Comforting semblance

Recently, an article on Irrfan Khan written by Abhrajyoti Chakraborty for Hazlitt sneaked into my twitter feed. What followed was a rabbit hole dive that had me watching and re-watching a few of Khan’s works. I’ll limit my focus to two of these for this writeup: the ‘Namesake’, and his storyline in ‘In treatment’. What follows is filled with spoilers for both so, please be warned. In the former, the Namesake, Ashoke (played by Irrfan) is an Indian-Bengali who ends up living in New York after surviving a train crash. In this unfortunate journey, he happens to interact with a stranger who, after making his trip to the UK, pushes Ashoke to be adventurous as well. Eventually, Ashoke settles in the US and ends up marrying Ashima (played by Taru). She bears him two children: Gogol and Sonia.
The movie sees most of the main characters struggle with identity. Gogol wants to wash away his Indianness and chooses not to indulge in the nostalgia of his parents. Eventually, when Ashoke passes away, Gogol does what many do: he over-indulges in nostalgia and eventually finds out that the decisions he made as a result of this, were founded on a superficial sense of his Indian identity. Ashoke, on the other hand, manages to maintain a sense of semblance by creating a partial world, the part that he has under his control, on his own terms of Indian-ness. In more than a few ways, his story also concludes on his own terms.

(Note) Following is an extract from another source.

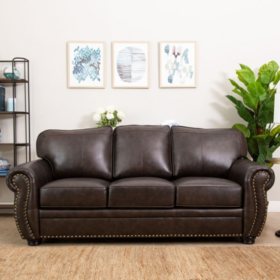 Benjamin Mid Century Top Grain Leather Sofa Sam S Club Top Grain Leather Sofa Leather Sofa Living Room Furniture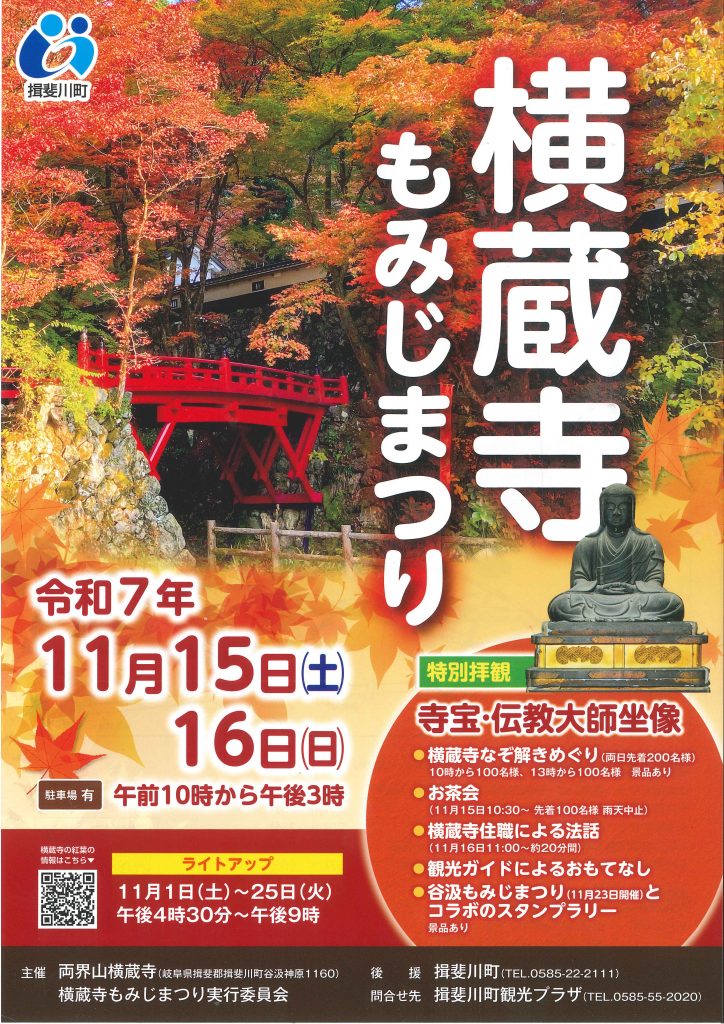 美濃の正倉院といわれる紅葉の名所の両界山横蔵寺で、横蔵寺もみじまつりが開催されます。

Similarly, in ‘In treatment’, Irrfan plays one of the characters, named Sunil, who visits a certain psychologist. He is brought in by his son and his white wife and they insist that he’s become discreet and withdrawn. While it takes some time, and a few extraordinary compromises on the psychologist’s part, Sunil eventually opens up. What we hear is a wild, incoherent tell-tale of Sunil’s past. He delves into deeper secrets of his past, only to brush them off with random observations of his present. In one visit, he infers to the psychologist that he feels some aggression towards his daughter-in-law, something she herself implies when she drops Sunil off on the first day. Fearing for her safety, the psychologist warns the daughter-in-law who, in turn, calls the police. When the police arrive and ask Sunil for his immigration papers, he refuses to show it to them. Eventually, he is taken to jail and is scheduled to be deported. The psychologist and Sunil have one last conversation while divided by a safety glass in the jail. It is then that Sunil unpacks what he did: he confesses that he’d wanted to go back to India but as his dying wife had made his son promise him to keep Sunil in the US, he would not be allowed by his son to go back. So, the only way he could go back was to shape circumstances so that he’s forced to go back. Sunil admits that he fabricated the aggression claim knowing that if the psychologist intervened, the police would be called. And, if he refused to show his papers to them, they’d have no option but to send him back home.
Both of these touch upon the migrant condition: where one is divided and yearning for a past that continues to remain relevant in their today. It’s a condition that remains important no matter the realities one faces. Which is why, I contend, living this way (and this is indeed the norm for a larger majority of everyone from the global south who leaves their homes) is an example of emotional violence. It’s a hard choice, after all. Unfortunately, the colonial, capitalist society has distributed the world into developed and underdeveloped countries. There is no denying the fact that the quality of life is exponentially better in these developed countries. However, living such lives comes at an expense and, for many of those who’ve left their homes, the cost is too much to bear. The liberal, capitalist norms dictate that one will be happy once one enjoys a good quality of life. This means that they have enough money (indeed, the more the [much, much] better), rights, and the opportunity to ‘progress’. What this conception of happiness misses out on is that there needs to be a direction to live towards. True happiness, as science has recently revealed via happiness studies, comes not from a bigger bank balance (for, the marginal glee attributed to increase in income starts decreasing after a certain point), or even a secure existence, but from devoting oneself and one’s time to a cause greater than oneself. This can be anything: it can be love where one thrives on loving and being loved by another, it can be a devotion to a cause and even a community. Interestingly, while we get several things wrong in our forms of living in the developing countries, this is where we excel. The cause to live comes natural to us: it is instilled in us as we grow up and are nurtured through a communal form of living.
Returning to the two works of Irrfan, in both cases the characters are simply not contended with the opportunities their new form of living provides them. Instead, they either create small worlds within these dynamics or go out of the way to return back to what they deem as normal. It is then that they find a flash of direction in a directionless world. It is then that they find a sense of semblance and, at the end of the day, even if we articulate it differently, that’s all that we are all striving for.